The overall impact of the change in the net price per motorized unit was a decrease of 3.0%. The decrease in the net price per unit within the Class A product line is primarily due to increased demand for the more moderately priced gas units as compared to the generally larger and more expensive diesel units. Within the Class C product line, customer demand is currently trending toward the lower to more moderately priced units. In addition, due to current competitor and dealer pressures, discounting in both product lines has increased as well, which also effectively lowers unit sales prices. Within the Class B product line, the increase in the net price per unit is due to a greater concentration of higher priced models in the current year, as certain lower priced products are no longer offered this year.
Cost of products sold increased $31,737 to $76,039 or 90.4% of motorized net sales for the three months ended October 31, 2010 compared to $44,302 or 92.7% of motorized net sales for the three months ended October 31, 2009. The change in material, labor, freight-out and warranty comprised $31,181, of the $31,737 increase due to increased sales volume. Material, labor, freight-out and warranty as a combined percentage of motorized net sales increased slightly to 85.3% from 84.9% primarily due to the impact of increased discounting. Total manufacturing overhead as a percentage of motorized net sales decreased to 5.1% from 7.8% due to the increase in unit production resulting in higher absorption of fixed overhead costs.
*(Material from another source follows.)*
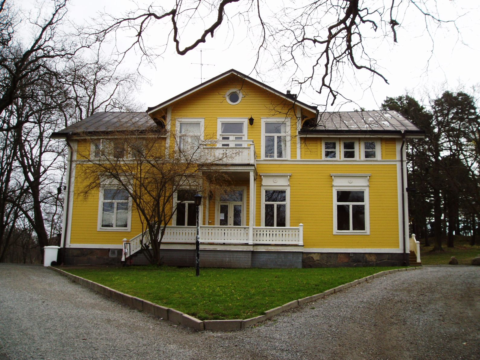 Gula Villan, Frescati, University Stockholm

Total manufacturing overhead increased $555 due primarily to wage and benefit increases to support the increase in sales.
Motorized gross profit increased $4,584 to $8,075 or 9.6% of motorized net sales for the three months ended October 31, 2010 compared to $3,491 or 7.3% of motorized net sales for the three months ended October 31, 2009. The increase in gross profit was due primarily to the 79.0% increase in unit sales volume and cost reduction as a percentage of motorized sales noted above.
Selling, general and administrative expenses were $5,032 or 6.0% of motorized net sales for the three months ended October 31, 2010 compared to $3,378 or 7.1% of motorized net sales for the three months ended October 31, 2009. The primary reason for the $1,654 increase in selling, general and administrative expenses was increased motorized net sales and increased income before income taxes, which caused related commissions, bonuses and other compensation to increase by $1,536.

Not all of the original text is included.